Beijing University of Civil Engineering and Architecture () is a university in Beijing. Established in 1936, it is maintained by the Beijing municipal government.

History 
The university was founded during the Qing Dynasty in 1907 when it was firstly named Jingshi (Peking) Elementary Industrial School. The school changed its name in 1933 to Beiping Municipal Senior Vocational School before the Civil Engineering Division was established in 1936. Approved by the State Council in 1977, the school became the public university and as the first university in Beijing who resumed the bachelor's degree courses, it was renamed as Beijing College of Construction and Engineering. In 1982, the college was identified as the first batch of the national bachelor's degree-granting college followed by the national master's degree-granting universities in 1986 and the university was renamed as the Beijing University of Architecture and Engineering. In 2011, the university joined Excellent Engineers Training Education Program hosted by Beijing Ministry of Education and in 2012, the university was approved as a doctoral talent training project to serve the special needs of the country due to Theory and Technology of Architectural Heritage Protection. Then the university was approved by the Ministry of Education to be renamed as Beijing University of Civil Engineering and Architecture in April 2013.
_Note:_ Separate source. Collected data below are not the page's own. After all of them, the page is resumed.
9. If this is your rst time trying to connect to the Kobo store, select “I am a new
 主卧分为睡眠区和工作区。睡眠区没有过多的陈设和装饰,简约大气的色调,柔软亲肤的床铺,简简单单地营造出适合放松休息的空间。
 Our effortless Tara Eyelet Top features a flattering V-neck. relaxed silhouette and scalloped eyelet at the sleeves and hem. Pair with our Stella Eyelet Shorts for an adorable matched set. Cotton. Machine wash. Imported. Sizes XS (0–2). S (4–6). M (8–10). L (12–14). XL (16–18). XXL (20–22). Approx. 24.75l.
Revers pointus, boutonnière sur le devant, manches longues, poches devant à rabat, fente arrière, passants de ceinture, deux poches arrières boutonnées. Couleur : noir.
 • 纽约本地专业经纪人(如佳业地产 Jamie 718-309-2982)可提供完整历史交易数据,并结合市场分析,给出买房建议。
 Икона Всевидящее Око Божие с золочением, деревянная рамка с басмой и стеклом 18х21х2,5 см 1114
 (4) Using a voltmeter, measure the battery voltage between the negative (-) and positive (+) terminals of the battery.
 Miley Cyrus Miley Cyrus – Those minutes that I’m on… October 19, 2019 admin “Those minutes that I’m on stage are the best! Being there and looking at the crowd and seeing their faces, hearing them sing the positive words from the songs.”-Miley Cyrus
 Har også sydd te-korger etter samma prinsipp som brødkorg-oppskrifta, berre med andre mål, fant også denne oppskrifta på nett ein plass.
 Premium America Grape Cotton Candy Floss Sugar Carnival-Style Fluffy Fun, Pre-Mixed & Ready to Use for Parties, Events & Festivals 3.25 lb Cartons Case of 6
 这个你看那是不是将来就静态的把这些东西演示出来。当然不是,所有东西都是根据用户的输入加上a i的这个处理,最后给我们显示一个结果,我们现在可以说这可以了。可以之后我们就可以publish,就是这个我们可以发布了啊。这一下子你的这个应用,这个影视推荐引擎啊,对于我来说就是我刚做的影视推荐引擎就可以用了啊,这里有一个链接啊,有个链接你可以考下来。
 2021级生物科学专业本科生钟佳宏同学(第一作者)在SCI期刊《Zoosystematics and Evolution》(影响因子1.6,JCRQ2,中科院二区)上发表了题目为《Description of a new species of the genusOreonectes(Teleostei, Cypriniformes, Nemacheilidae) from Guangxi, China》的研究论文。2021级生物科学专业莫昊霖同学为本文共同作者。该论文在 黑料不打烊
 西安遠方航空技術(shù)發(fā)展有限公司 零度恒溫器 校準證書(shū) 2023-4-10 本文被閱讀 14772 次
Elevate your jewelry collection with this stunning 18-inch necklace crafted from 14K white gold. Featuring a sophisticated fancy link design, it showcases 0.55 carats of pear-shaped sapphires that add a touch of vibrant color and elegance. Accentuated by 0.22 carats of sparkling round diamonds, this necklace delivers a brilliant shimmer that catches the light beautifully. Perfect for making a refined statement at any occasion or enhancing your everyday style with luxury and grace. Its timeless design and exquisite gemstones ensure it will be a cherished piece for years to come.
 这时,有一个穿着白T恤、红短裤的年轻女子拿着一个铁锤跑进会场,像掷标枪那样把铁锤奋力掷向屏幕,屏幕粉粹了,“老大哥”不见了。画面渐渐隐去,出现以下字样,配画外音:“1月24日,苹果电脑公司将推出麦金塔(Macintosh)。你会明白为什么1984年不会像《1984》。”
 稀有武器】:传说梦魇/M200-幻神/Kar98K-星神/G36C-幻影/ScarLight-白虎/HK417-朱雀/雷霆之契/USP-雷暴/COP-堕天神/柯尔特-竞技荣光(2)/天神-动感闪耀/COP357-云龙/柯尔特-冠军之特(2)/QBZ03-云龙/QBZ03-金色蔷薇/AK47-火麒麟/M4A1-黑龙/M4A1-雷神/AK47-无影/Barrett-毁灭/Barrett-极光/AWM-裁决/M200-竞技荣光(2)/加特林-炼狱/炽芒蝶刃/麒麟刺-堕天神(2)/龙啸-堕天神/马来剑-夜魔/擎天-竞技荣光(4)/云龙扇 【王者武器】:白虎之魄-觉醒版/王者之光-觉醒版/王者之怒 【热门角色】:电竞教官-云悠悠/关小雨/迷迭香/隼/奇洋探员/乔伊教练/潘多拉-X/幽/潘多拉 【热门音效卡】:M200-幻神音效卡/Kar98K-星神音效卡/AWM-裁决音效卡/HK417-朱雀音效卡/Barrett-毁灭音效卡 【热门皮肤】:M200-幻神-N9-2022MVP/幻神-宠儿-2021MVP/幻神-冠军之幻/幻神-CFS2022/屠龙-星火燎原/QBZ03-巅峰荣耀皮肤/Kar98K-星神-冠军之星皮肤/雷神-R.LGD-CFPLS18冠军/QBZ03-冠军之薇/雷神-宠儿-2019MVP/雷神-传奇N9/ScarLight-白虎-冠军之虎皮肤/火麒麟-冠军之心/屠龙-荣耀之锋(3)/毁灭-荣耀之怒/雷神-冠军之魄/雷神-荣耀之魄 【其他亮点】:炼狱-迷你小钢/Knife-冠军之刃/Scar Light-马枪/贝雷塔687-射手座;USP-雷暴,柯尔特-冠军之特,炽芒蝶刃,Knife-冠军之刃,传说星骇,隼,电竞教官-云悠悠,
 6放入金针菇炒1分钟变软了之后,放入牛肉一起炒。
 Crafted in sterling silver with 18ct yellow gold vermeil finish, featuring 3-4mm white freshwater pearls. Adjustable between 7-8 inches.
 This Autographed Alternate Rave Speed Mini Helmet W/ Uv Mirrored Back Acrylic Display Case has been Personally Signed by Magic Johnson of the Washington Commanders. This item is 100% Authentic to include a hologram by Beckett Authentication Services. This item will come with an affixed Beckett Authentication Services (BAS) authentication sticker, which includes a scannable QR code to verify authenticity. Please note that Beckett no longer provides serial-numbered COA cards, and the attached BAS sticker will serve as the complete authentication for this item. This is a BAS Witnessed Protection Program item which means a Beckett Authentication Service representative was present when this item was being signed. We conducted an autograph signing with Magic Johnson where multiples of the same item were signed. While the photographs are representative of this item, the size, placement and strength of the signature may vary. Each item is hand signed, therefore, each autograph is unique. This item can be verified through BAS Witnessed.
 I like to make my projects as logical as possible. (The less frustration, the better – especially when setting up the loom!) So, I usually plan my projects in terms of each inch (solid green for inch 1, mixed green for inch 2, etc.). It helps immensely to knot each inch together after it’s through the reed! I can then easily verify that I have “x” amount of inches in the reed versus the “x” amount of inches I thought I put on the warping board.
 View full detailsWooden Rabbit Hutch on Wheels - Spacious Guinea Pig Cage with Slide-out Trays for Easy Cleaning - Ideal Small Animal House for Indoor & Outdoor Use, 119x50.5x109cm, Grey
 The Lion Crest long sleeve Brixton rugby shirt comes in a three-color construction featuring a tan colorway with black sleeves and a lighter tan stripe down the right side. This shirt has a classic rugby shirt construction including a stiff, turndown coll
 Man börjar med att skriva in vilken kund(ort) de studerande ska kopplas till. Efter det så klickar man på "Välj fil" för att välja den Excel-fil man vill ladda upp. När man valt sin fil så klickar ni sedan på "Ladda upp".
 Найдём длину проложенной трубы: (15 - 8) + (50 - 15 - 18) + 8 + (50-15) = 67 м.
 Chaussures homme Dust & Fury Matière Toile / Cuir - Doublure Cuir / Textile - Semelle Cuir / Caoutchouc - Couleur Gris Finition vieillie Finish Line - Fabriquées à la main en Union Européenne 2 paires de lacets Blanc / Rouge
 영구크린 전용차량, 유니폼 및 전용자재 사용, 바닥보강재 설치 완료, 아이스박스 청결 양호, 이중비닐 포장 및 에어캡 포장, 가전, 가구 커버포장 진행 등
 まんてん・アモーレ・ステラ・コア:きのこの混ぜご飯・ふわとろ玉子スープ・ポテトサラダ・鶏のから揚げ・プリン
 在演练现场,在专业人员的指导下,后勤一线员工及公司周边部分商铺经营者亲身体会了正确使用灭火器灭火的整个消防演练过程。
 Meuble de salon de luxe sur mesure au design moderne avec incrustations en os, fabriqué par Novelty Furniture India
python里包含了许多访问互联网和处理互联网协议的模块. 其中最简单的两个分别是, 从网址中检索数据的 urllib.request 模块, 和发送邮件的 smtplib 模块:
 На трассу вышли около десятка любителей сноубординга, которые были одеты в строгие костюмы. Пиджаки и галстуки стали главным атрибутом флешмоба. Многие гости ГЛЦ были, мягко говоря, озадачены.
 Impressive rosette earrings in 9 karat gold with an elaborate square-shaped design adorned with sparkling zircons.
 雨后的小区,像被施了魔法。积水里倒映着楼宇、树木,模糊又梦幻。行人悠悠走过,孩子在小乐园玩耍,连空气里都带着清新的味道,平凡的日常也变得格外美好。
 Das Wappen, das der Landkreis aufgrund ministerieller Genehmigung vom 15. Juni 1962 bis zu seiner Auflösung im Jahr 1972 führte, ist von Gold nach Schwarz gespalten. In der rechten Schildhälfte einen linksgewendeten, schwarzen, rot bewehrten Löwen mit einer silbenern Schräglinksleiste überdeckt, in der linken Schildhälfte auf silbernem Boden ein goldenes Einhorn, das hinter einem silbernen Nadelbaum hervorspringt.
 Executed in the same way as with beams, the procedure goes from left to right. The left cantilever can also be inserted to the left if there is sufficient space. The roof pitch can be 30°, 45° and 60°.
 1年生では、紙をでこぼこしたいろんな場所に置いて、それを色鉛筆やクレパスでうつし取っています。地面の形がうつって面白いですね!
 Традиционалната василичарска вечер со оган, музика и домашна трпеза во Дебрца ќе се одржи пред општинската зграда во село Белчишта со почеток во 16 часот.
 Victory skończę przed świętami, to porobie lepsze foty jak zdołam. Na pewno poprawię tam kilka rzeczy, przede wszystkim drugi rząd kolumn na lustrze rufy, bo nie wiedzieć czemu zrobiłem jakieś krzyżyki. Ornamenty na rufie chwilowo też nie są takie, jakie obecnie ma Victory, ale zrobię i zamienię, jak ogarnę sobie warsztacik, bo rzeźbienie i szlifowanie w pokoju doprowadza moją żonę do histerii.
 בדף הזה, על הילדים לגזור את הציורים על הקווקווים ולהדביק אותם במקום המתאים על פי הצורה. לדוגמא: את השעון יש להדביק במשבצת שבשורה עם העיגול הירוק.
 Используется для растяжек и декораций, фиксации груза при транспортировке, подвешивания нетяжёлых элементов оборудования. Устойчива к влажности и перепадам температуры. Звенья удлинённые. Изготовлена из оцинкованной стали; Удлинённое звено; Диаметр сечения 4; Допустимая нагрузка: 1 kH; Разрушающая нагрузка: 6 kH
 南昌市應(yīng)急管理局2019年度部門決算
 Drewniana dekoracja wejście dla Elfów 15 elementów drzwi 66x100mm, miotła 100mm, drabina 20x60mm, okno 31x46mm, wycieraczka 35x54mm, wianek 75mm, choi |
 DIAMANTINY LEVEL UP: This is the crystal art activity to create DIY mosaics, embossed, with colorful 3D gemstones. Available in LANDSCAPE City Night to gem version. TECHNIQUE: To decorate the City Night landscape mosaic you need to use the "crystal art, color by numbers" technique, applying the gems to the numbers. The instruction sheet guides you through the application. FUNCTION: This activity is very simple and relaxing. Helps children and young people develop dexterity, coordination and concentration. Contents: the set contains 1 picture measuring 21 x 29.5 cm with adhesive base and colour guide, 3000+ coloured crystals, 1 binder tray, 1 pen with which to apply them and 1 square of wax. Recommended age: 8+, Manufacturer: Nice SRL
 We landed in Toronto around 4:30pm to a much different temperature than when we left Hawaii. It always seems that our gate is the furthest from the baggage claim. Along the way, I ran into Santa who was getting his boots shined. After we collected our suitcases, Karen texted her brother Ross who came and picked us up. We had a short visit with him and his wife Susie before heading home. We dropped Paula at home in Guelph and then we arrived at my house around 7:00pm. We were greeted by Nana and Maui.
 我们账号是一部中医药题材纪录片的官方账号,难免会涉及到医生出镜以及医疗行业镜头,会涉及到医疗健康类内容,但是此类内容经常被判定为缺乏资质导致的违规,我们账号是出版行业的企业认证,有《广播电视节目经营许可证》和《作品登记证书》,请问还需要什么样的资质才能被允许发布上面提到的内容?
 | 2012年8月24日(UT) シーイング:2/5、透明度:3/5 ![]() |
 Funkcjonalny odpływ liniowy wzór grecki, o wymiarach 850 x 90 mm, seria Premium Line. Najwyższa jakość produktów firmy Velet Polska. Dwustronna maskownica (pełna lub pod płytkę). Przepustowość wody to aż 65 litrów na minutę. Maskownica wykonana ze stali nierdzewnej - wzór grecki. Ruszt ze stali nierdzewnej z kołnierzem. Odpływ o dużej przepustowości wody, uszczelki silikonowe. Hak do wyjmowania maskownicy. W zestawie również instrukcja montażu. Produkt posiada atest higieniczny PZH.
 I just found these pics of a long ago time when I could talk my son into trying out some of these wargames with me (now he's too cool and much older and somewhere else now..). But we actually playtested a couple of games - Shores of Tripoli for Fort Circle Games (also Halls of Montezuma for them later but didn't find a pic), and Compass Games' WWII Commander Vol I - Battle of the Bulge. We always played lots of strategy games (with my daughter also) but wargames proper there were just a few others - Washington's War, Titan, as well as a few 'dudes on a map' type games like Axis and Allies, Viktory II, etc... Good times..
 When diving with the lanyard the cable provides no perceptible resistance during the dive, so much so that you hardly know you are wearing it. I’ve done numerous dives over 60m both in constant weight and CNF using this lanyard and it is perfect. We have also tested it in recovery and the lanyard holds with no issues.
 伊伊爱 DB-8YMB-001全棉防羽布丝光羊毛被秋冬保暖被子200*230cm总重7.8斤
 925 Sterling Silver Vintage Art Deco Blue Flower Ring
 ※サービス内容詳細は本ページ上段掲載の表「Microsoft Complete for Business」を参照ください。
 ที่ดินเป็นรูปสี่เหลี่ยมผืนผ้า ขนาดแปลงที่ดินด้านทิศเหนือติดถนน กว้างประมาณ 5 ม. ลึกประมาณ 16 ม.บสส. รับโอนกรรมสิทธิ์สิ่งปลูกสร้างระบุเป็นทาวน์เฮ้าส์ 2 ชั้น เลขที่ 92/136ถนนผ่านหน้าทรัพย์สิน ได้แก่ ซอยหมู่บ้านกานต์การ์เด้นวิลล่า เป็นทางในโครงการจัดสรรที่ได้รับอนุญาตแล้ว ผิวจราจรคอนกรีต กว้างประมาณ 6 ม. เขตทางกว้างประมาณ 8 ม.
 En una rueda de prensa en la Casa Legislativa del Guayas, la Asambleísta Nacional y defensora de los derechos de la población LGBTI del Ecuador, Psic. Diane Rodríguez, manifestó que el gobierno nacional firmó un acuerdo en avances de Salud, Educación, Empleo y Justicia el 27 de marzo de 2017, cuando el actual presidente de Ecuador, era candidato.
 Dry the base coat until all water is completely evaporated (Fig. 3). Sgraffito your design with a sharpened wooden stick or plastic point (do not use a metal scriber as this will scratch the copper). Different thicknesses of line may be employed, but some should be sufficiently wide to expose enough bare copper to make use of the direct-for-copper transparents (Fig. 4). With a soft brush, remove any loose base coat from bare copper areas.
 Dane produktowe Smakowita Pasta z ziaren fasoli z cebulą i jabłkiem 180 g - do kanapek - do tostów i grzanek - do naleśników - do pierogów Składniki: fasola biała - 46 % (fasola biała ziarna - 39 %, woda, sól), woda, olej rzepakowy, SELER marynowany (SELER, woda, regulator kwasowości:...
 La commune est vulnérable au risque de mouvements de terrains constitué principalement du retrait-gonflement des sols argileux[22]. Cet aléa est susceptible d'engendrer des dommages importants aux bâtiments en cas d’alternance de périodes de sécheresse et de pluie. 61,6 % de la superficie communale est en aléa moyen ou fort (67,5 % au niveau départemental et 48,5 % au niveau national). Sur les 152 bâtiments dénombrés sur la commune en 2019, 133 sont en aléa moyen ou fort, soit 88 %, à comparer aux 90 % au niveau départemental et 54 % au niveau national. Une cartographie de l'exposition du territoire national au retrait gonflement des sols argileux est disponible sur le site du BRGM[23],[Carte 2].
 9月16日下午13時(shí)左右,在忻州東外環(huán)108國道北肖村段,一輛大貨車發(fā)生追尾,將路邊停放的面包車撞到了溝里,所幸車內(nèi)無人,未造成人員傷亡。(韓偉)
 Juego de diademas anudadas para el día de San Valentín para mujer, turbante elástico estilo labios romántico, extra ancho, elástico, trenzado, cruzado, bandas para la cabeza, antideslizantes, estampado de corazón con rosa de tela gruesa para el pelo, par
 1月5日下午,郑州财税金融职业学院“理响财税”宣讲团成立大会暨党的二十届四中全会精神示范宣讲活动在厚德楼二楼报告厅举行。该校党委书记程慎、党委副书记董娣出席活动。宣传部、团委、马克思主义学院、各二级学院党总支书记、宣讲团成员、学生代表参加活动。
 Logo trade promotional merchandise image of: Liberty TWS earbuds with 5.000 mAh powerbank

In 2014, it was approved to set up a post-doctoral research mobile station of "Architecture". In October 2015, the Government and the Ministry of Housing, Urban and Rural Construction signed a co-construction agreement to approve that the school officially entered the ranks of "Provincial Co-construction Universities". In May 2016, the school's "Future Urban Design Innovation Center" was approved as "Beijing Higher School Innovation Center". In 2017, it was approved to recommend outstanding undergraduate to study for postgraduate qualification without examination. In May 2018, the university became the national Doctor of Philosophy degree-granting universities and the PhD in architecture and civil engineering were approved to be the "First-level Discipline in Doctor of Philosophy degree".

Campus 
The school has two campuses in Xicheng and Daxing districts in Beijing. The Xicheng campus covers an area of 123,000 square meters, the Daxing campus covers an area of 501,000 square meters; the total school building area is 488,000 square meters. At present, the school is accelerating the construction of the two campuses in accordance with the "two high" layout goals of "building a high-quality undergraduate talent training base in Daxing Campus and building a high-level graduate training, scientific and technological collaborative innovation and achievement transformation base" in Xicheng Campus. The school library has a collection of 1.469 million paper books, 1.85 million online e-books, 77 large electronic document databases, and the China Architecture Library jointly established by the Ministry of Housing and Urban-Rural Development. It is a university with a complete range of architectural books in the country.

Academics 
The university currently has 10 colleges, School of International Education, Innovation and Entrepreneurship Education, and Continuing Education. There are 10,845 students in various colleges and schools, including 7713 full-time undergraduates, 2178 postgraduates, 56 PhD candidates, 766 continuing education students, and 132 international students.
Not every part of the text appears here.